Mum’s Story
AJ’s family experienced years of significant challenge while supporting his complex needs. This story reflects their journey through crisis, the support they received from CDT, and the positive changes that followed for AJ and his family.
Can you tell us a little about how you came to be involved in CDT?
AJ has a disability of ASD, ADHD and PICA. He is a clever boy and is very aware of what is going on around him. As he was developing through adolescence he was becoming more aware of what he was unable to do and missing out on, and he was deeply unhappy. AJ would bang his head and hurt himself and also hurt those around him. We were all so scared and unhappy living together. AJ stopped leaving his bedroom, he was even eating in his bedroom as he didn’t want to leave his room.
We have had involvement with Social Services since AJ was 2 and a half. This was mostly for parenting and help managing his behaviours and the impact his behaviours were having on his siblings. We were a family in need, because AJ had bitten his sister. Up until AJ moved into a residential care we were having support from CDT with respite and direct payments for PA’s. We also had support for our older children.
Thinking back over the last 12 months – what good or bad changes have come about as a result of your involvement with CDT?
It has been positive for all of us. My partner is not having to work unsociable hours now – as we needed to be available for AJ 24/7. This meant that he worked nights and I stayed at home to look after all the kids needs. It was an expensive time for us as well, as AJ would break things and make holes in the doors and walls.
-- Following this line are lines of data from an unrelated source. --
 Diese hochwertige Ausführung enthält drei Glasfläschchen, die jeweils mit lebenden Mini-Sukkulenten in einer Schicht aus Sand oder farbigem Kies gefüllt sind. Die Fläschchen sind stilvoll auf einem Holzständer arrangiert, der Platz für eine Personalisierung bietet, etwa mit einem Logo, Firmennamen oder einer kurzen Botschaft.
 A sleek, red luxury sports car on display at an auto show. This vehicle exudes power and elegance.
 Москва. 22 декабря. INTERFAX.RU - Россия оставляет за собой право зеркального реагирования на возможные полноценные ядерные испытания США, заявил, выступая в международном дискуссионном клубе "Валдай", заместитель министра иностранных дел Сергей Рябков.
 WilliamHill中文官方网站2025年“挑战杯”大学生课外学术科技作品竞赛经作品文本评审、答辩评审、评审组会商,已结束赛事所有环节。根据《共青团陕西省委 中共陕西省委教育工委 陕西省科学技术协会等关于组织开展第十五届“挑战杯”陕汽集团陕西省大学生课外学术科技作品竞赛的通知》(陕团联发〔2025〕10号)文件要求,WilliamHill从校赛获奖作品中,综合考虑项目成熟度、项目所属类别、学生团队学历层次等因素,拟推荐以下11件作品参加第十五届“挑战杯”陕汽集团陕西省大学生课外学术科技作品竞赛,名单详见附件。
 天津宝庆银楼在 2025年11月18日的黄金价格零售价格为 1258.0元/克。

When AJ moved into the residential home, we were able to start rebuilding our family. We were really isolated as we needed to keep one another safe. We couldn’t go out because of how stressful it was having to protect ourselves and other families. When attending the disability activities, it became really difficult as other families had to get involved to support us with AJs behaviours, so we just stopped going. This took a long time to rebuild as we were so used to being anxious in the community.
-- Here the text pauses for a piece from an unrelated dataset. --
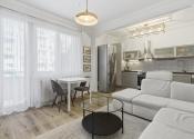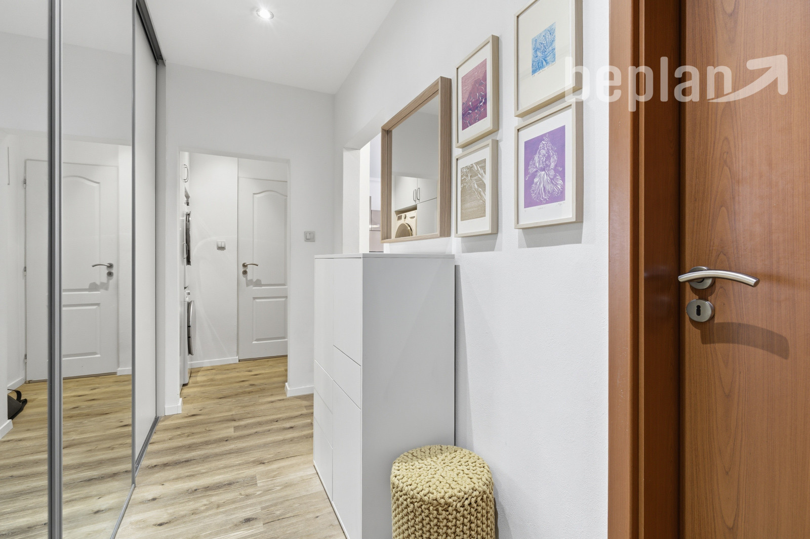 Byt pozostáva zo vstupnej chodby, v ktorej sa nachádza veľká rolldor skriňa poskytujúca dostatok úložného priestoru. Zo vstupnej chodby je prístup do samostatnej spálne a do obývacej izby spojenej s kuchyňou, pričom z obývacej izby je aj výstup na balkón. Súčasťou bytu je tiež kúpeľňa so sprchovým kútom, umývadlom a toaletou.
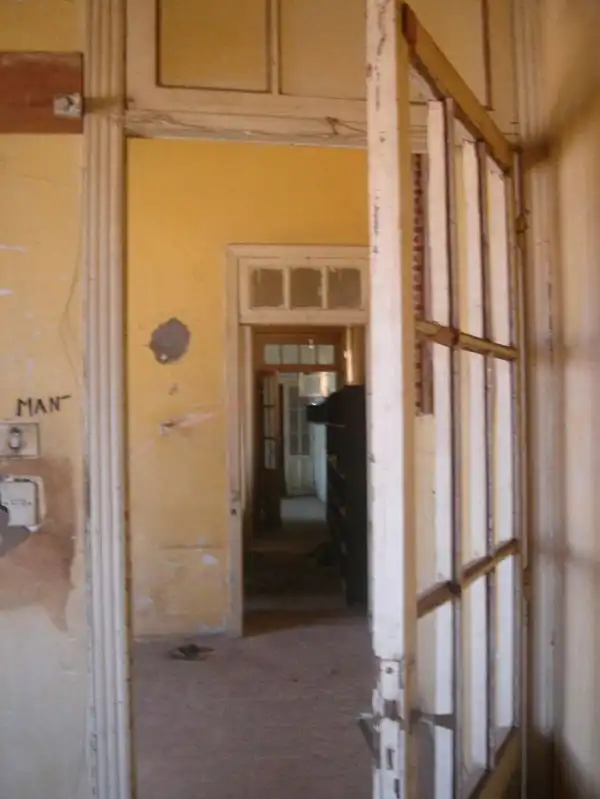 В плоском здании всего по две квартиры на каждом этаже. Дом служил борделем, а затем стал приютом для беженцев. Снос ему вряд ли грозит - на таком мизерном участке вряд ли можно построить что-то другое.

When we visited the residential placement we were looking for ways to reject it and say no to it. We went there and had lunch with the staff and other children, and the manager was there with her own children too. It felt like genuine care, not like the staff were being paid to look after the children. I didn’t want my child to be a pay packet. I have worked in social care myself and have seen a lot of bad things in the care sector when people don’t really care and it is just a job, but the staff seemed to care about the children and see them as their own. I really felt the residential placement gave the time for AJ, for him to meet the staff and build a relationship with him.
Knowing that AJ is now in a placement where he is going out and going to school and is happy means everything. He is trying new food and he has stopped wearing his helmet (which he has been wearing since he was 2 years old for his daily head banging). The staff give him the time he needs. Its not like normal parenting and that is what he needs, the staff are able to change and recharge after their shift. The staff have time to regenerate but when parenting there is no start and ending, it is a constant.
The biggest thing is the guilt of letting them go. I felt like a failure as a parent for a very long time.
Of all the changes you have identified, which one is the most significant to you and why?
After his move, the biggest thing had been looking forward to seeing him. I have also been able to access early help parenting for my other children so that I can support my daughters with their emotional needs.
I have weekly video calls with AJ and we can see he is happy and thriving. I am noticing him now making references to things we use to do when he was little – he made references and noises about old videos he watched with us when he was younger, this is important as it shows he can think about the past more.
CDT are also helping us with the transport costs to go and see him, so the journey is not such a financial burden.
I am feeling more confident, the parenting guilt is dissolving and the fear of him being taken away from us is dissolving. It wasn’t neglect, its not that we don’t love him or don’t want him. If it was him on his own we wouldn’t have a problem. But with 4 kids, we were failing them all. Having to hide from a child was not a healthy way to live. We are still working on the relationship between AJ and his siblings and this is slowly coming.
Regarding the most significant change you have chosen, the space to do more meaningful things with everyone, please can you tell us a bit more about what it was like before?
Life was really hard. My partner literally had a stroke during one of the LAC reviews and was taken to hospital. This is when Social Services really stepped up and started providing daily carers into the home and searching for a placement for AJ.
Whilst the carers helped in the home, it felt like ground hog day. But AJ would not leave his room at all. So he was so isolated and we were too. We didn’t see friends or family at all.
The violence was intense. AJ was hitting and punching all of us. He was banging his head daily and had a huge open wound on his forehead. He had no tolerance of his sisters, especially if they were having any attention from their parents or if friends would call for them or they would go out on an activity.
My oldest son moved out and the girls were displaying traumatised behaviours. My oldest daughter was self harming and my younger daughter was unsettled in school. We could not give them the attention they needed as we were so occupied with AJ’s needs.
What it is like now
AJ is getting on with the people he lives with and in his life now. I know he wont live independently, so it is good to know he is happy where he is and having his own independence. We bring them into the world to help them grow and fly, to get their own life and job. This is his version of it.